Alex, Micha und Schohl nahmen den ganzen Luxus wie selbstverständlich hin. Mittlerweile hatte ich kapiert, dass Dinge wie dieser siffige Keller, ihr Outfit oder das Dope rauchen für sie nur Oberfläche waren, Firnis. In ein paar Jahren würden sie in die Fußstapfen ihrer Alten treten: Abi machen, studieren, anschließend ein toller Job mit viel Kohle und so. Ich dagegen würde immer der abgerissene Loser bleiben, der ich jetzt schon war.
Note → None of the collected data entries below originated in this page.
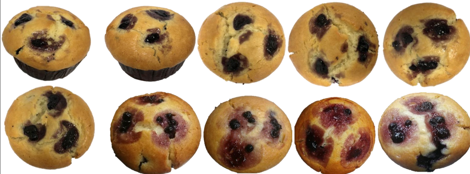
ลักษณะปกติ
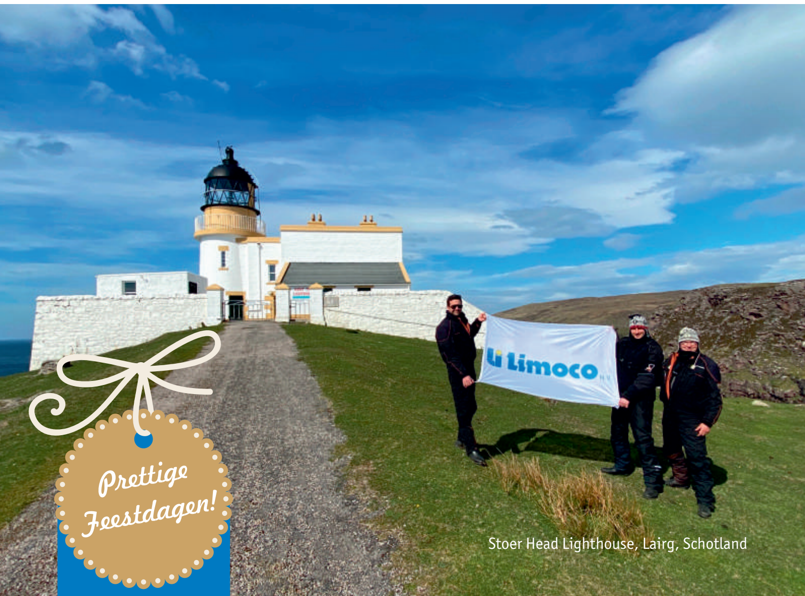
Stoer Head Lighthouse, Lairg, Schotland

Nieuwsbrief voor klanten, medewerkers en relaties Jaargang 16 - Nr. 2 - December 2023
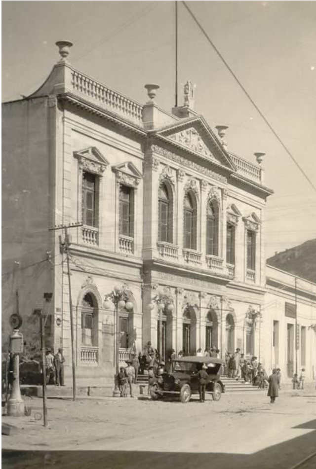
Figura 1. Ejemplo de patrimonio perdido: el Teatro Bartolomé de Medina, derribado en 1943.

México posee un gran Patrimonio Cultural. Éste se puede definir como el acervo de los bienes de la sociedad (que pueden ser tangibles o intangibles), de origen propio o ajeno, que son necesarios para la reproducción social y cultural del pueblo que los sustenta como suyos.
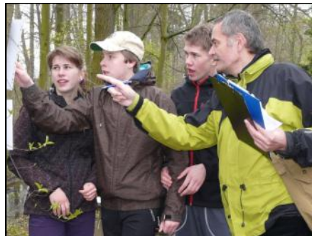
Na ekologickém stanovišti.

V letošním roce probíhá v celé České republice již 40. ročník soutěže v přírodovědně - ekologických disciplínách s názvem ZELENÁ STEZKA - ZLATÝ LIST. Zúčastněné

Abgerissen – das traf es. Der Monat war gerade mal zur Hälfte rum, und mir drohte bereits die Kohle auszugehen. Aber bei Micha gab’s ja alles gratis: Kippen, Bier und Dope. Wahrscheinlich war das der Hauptgrund, weshalb ich jeden Tag wieder hier angetrottet kam wie ein Esel.
Weshalb raffte ich mich nicht endlich mal auf und verdiente selbst ein bisschen Kohle? Die Leute aus der Alten Mühle beispielsweise schufteten momentan allesamt auf Gut Neudorf. Sie pflückten Unkraut auf den Gemüseäckern, halfen beim Spargelstechen und solches Zeugs. Das lief hier angeblich jedes Jahr so, war eine Art Tradition. Ursprünglich hatte alles mal mit einem von Doris und Udo initiierten Projekt begonnen: „Arbeiten auf einem Bauernhof in der Region“. Die beiden hatten früher selbst auf dem Gut gewohnt. Aber nach und nach war daraus etwas Regelmäßiges geworden. Inzwischen gehörte das alljährliche Helfen für viele einfach dazu, vergleichbar mit der Freiwilligen Feuerwehr.
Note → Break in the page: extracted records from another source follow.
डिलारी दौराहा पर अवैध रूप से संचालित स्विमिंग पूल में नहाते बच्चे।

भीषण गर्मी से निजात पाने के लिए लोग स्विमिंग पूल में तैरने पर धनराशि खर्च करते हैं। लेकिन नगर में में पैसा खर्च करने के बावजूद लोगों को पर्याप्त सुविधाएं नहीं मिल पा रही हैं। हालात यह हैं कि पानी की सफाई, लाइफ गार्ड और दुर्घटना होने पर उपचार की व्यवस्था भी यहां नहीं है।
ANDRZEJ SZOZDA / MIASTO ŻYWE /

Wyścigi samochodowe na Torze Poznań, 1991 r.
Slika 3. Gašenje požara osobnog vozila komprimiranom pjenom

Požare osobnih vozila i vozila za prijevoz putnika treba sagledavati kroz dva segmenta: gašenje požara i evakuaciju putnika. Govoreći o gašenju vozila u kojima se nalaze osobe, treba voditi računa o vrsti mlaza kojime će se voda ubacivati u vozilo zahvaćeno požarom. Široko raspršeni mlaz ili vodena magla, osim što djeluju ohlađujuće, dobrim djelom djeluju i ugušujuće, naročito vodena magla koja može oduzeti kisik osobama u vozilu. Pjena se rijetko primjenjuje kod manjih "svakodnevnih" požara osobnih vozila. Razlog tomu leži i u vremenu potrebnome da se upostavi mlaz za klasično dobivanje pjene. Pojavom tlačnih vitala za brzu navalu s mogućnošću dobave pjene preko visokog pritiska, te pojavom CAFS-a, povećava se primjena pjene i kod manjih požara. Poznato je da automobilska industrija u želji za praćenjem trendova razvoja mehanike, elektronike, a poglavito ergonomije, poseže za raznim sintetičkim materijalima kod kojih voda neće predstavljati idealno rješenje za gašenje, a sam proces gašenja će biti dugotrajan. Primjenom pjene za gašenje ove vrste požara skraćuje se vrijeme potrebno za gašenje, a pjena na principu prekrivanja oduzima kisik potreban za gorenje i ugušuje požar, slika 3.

Ich hatte tatsächlich überlegt, mir die Sache mal anzuschauen. Zum Aufbessern meines Taschengelds wäre es vielleicht okay gewesen. Aber dann hatte ich es doch bleiben lassen. Die Aussicht, auf einem Acker unter sengender Sonne knüppeln zu müssen, war nicht gerade traumhaft. Außerdem hatte ich unsere Wanderung zum Gut noch in lebhafter Erinnerung: Diese ganzen Ökotypen dort – von denen wollte ich mich auf gar keinen Fall rumkommandieren lassen.
Endlich war es soweit: Der Joint wurde feierlich angezündet. Schwerer, würziger Qualm zog durch die Luft, breitete sich langsam aus. Und oben in der Küche arbeitete Michas Mutter. Merkte sie nicht, was ihr Sohn hier unten trieb? Oder hatte sie es längst gerafft, aber kapituliert?
Auch Jürgen, Bernd und die Mädchen ackerten jetzt jeden Nachmittag auf dem Gut. Abends waren sie wohl zu müde, um noch irgendwas zu unternehmen. Ich sah sie fast gar nicht mehr, der Kontakt war im Prinzip abgerissen.
Und Maren? Das Treffen am Mühlenteich schien unendlich lange her, ich konnte mich kaum noch daran erinnern. Längst hatte sich das schöne Gefühl jenes Abends wieder verflüchtigt, Benommenheit und ein schaler Nachgeschmack waren alles, was davon übrig geblieben war – wie beim Kater nach einem Besäufnis. Inzwischen wirkte Maren wieder so fremd auf mich wie in der ersten Zeit.
Zum Glück! Wie hätte das wohl funktionieren sollen? Maren und ich – da wären Welten aufeinandergeprallt. Ich stellte sie mir zwischen den Nordstadt-Leuten vor: das schüchterne Dummchen vom Lande neben Sandra, Gabi und Britta, die eine Pulle Wodka-O-Saft kreisen ließen… am besten dachte ich gar nicht weiter darüber nach. Hartmann und die anderen hätten mich für verrückt erklärt. Wahrscheinlich sollte es doch so sein, dass ich in diesem dunklen Keller hockte und mir mit Micha und den anderen die Birne zukiffte.